Dataset section:
################
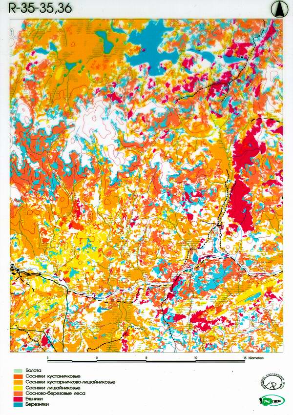 В соответствии с упомянутыми подходами, "коренным" является лес, структурно-динамическая организация которого позволяет ему быть устойчивым в течении бесконечно длительного времени и которая поддерживается за счет естественных процессов (случайных нарушений, связанных с популяционной жизнью древесных пород, воздействием насекомых-фитофагов, болезней или воздействием пожаров). При этом коренной лес может существовать только на участке, площадь которого обеспечивают равновесный характер динамики случайных нарушений, поддерживающих смену древесного яруса (Ярошенко, 1999) . Таким образом, возраст древостоя не является ведущим критерием отнесения леса к "коренному" и выделение коренных лесов требует наряду с использованием материалов лесоустройства дополнительных специальных обследований. Предварительное выделение лесных массивов естественных малонарушенных лесов на рассматриваемой территории осуществлялось с использованием топографических карт местности масштаба 1:1000000 и крупнее, материалов лесоустройства, космических многозональных снимков высокого разрешения ИСЗ "Ресурс-03" и "SPOT-3" за 1997-1998 гг. (Карта 4). Выделенные на данном этапе лесные массивы, включающие лесные и нелесные экосистемы с долей лесных не менее 50%, отвечали основным требованиям проекта стандарта "Порядок выявления потенциальных массивов естественных малонарушенных лесов":
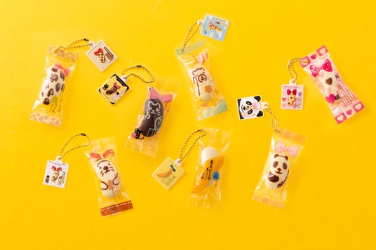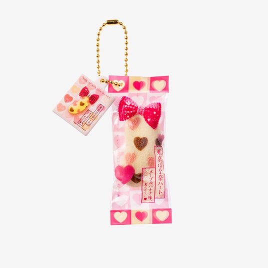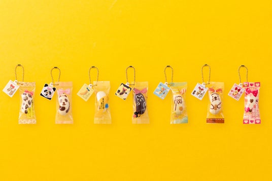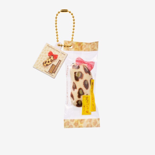 『東京ばな奈』の個包装を再現し、8個入のパッケージデザインのプレートを合わせてボールチェーン付きのチャームにしたカプセルトイ専用アイテムが誕生しました。『東京ばな奈』のふわふわの手触りにもこだわって、スクイーズにすることで再現。その本物そっくりな見た目や感触に驚くこと間違いありません。
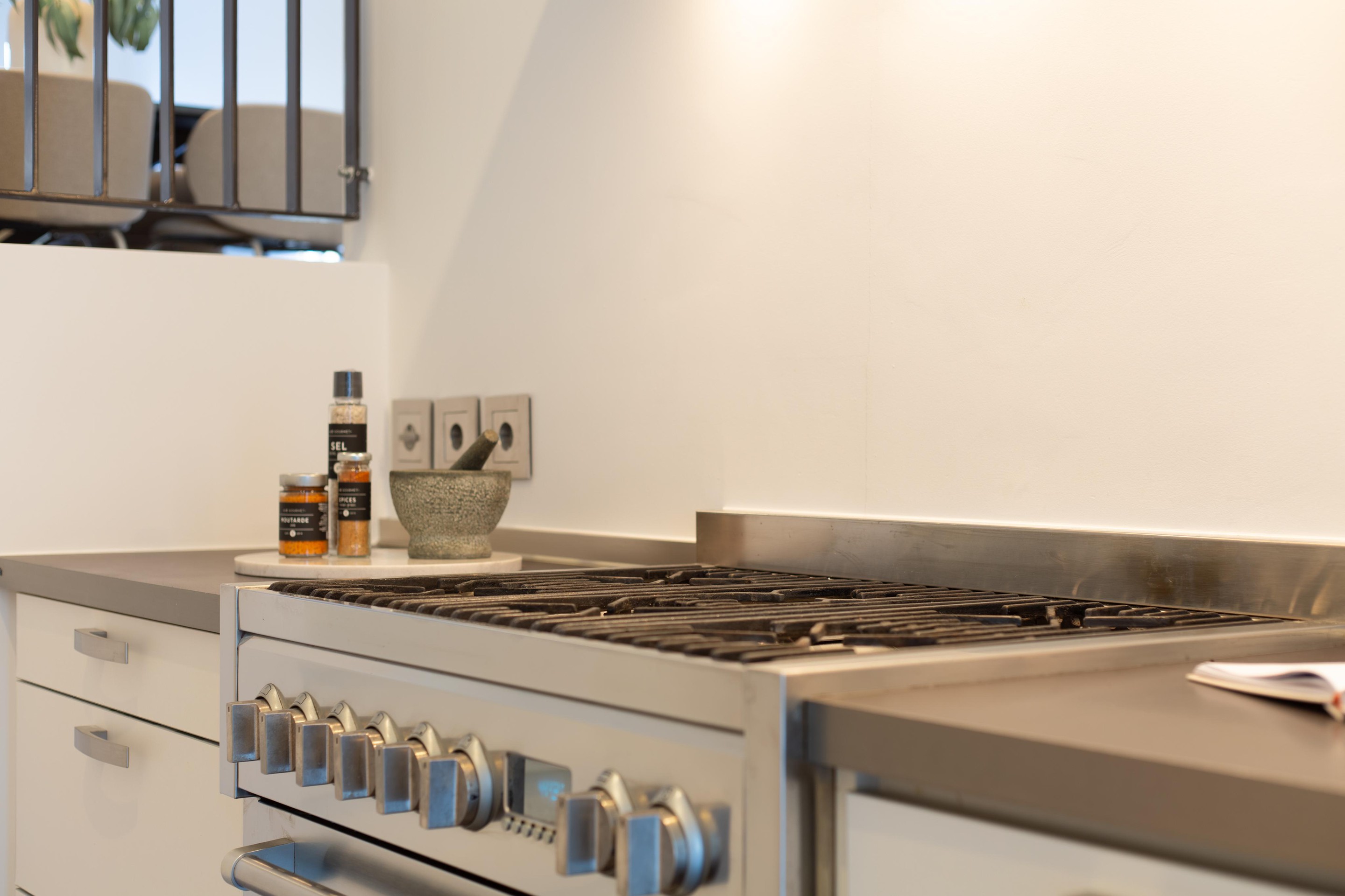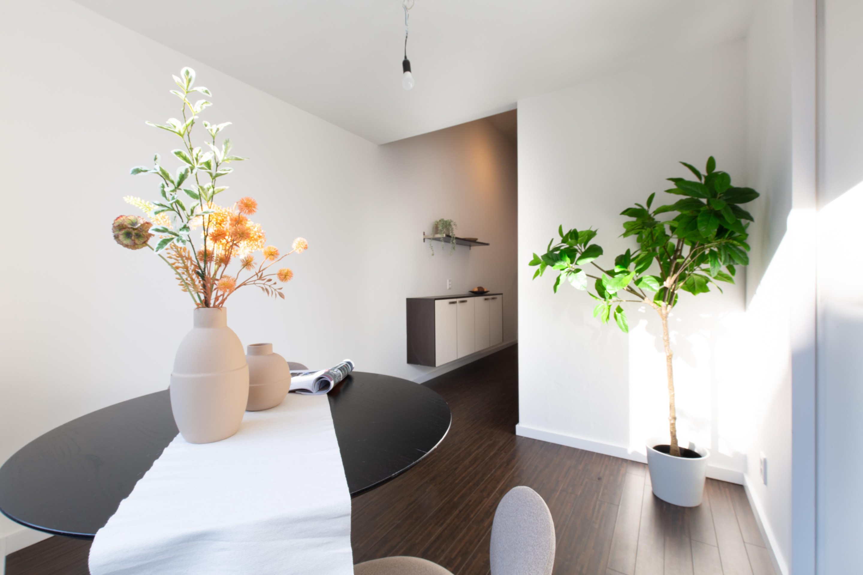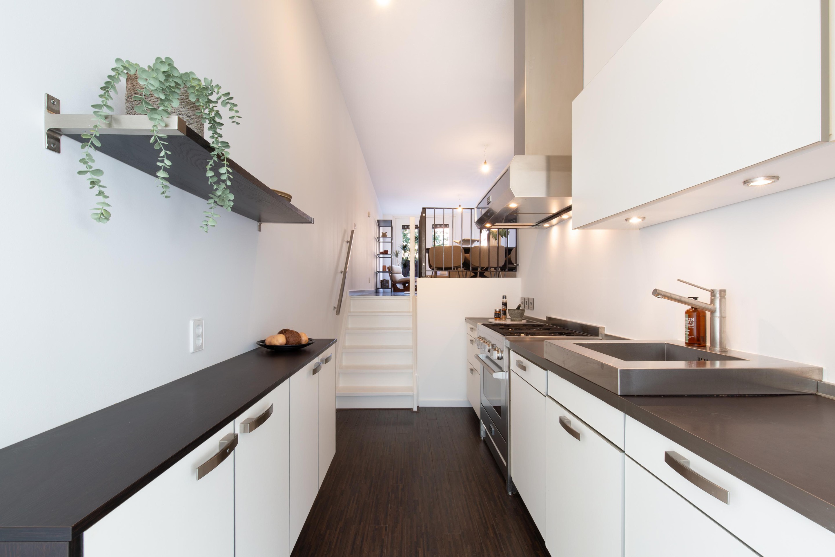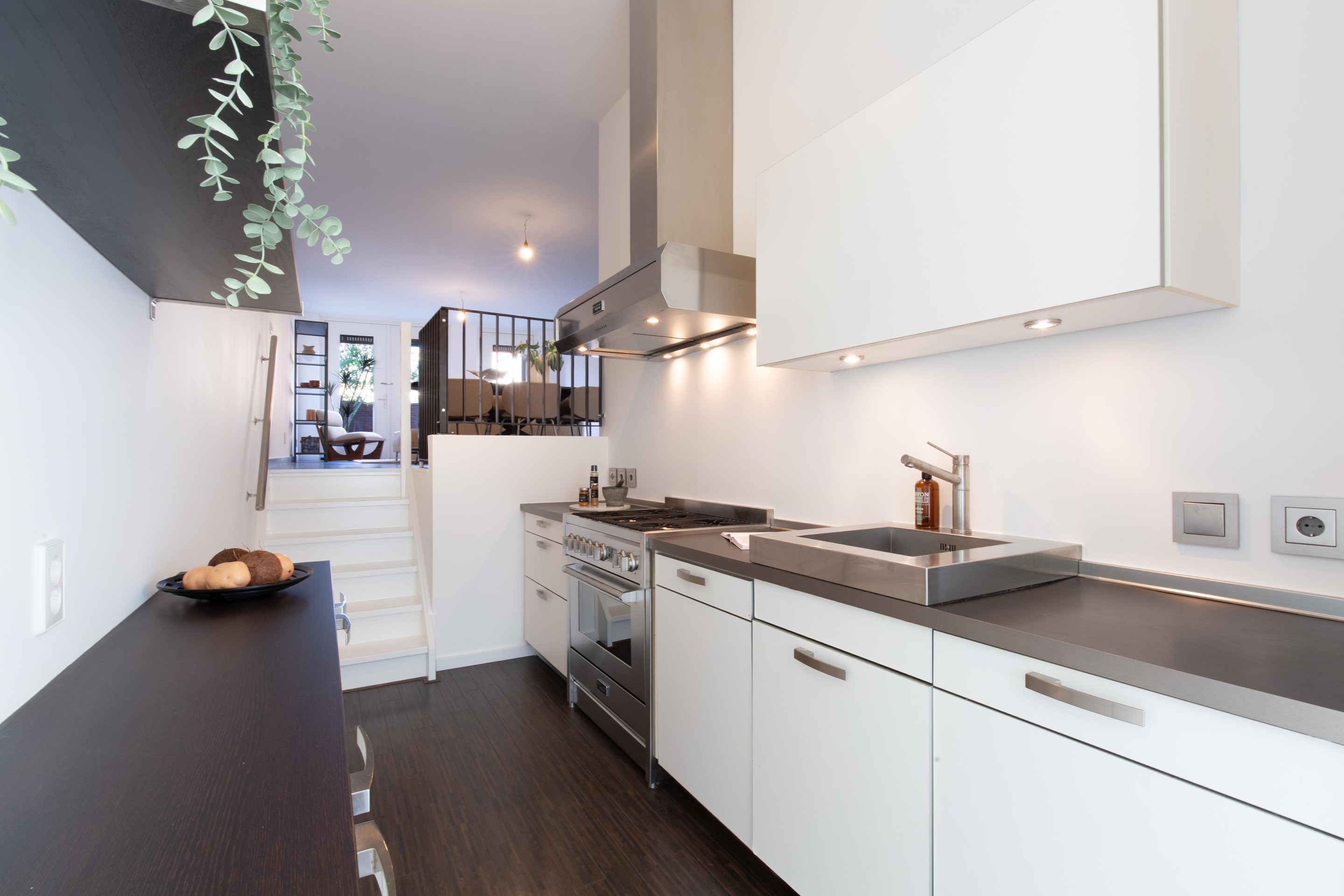 De entree zet direct de toon: een lange hal, strakke lijnen en een gevoel van ruimte. De Siematic-keuken vormt het hart van de woning en is uitgerust met hoogwaardige apparatuur van Miele en een professioneel Solitaire-fornuis en afzuigsysteem — klaar voor uitgebreide diners of snelle doordeweekse avonden.
################
Task objective: Down to the last line, print the material exactly, but not its pictures.

Written solution:
 В соответствии с упомянутыми подходами, "коренным" является лес, структурно-динамическая организация которого позволяет ему быть устойчивым в течении бесконечно длительного времени и которая поддерживается за счет естественных процессов (случайных нарушений, связанных с популяционной жизнью древесных пород, воздействием насекомых-фитофагов, болезней или воздействием пожаров). При этом коренной лес может существовать только на участке, площадь которого обеспечивают равновесный характер динамики случайных нарушений, поддерживающих смену древесного яруса (Ярошенко, 1999) . Таким образом, возраст древостоя не является ведущим критерием отнесения леса к "коренному" и выделение коренных лесов требует наряду с использованием материалов лесоустройства дополнительных специальных обследований. Предварительное выделение лесных массивов естественных малонарушенных лесов на рассматриваемой территории осуществлялось с использованием топографических карт местности масштаба 1:1000000 и крупнее, материалов лесоустройства, космических многозональных снимков высокого разрешения ИСЗ "Ресурс-03" и "SPOT-3" за 1997-1998 гг. (Карта 4). Выделенные на данном этапе лесные массивы, включающие лесные и нелесные экосистемы с долей лесных не менее 50%, отвечали основным требованиям проекта стандарта "Порядок выявления потенциальных массивов естественных малонарушенных лесов":
 『東京ばな奈』の個包装を再現し、8個入のパッケージデザインのプレートを合わせてボールチェーン付きのチャームにしたカプセルトイ専用アイテムが誕生しました。『東京ばな奈』のふわふわの手触りにもこだわって、スクイーズにすることで再現。その本物そっくりな見た目や感触に驚くこと間違いありません。
 De entree zet direct de toon: een lange hal, strakke lijnen en een gevoel van ruimte. De Siematic-keuken vormt het hart van de woning en is uitgerust met hoogwaardige apparatuur van Miele en een professioneel Solitaire-fornuis en afzuigsysteem — klaar voor uitgebreide diners of snelle doordeweekse avonden.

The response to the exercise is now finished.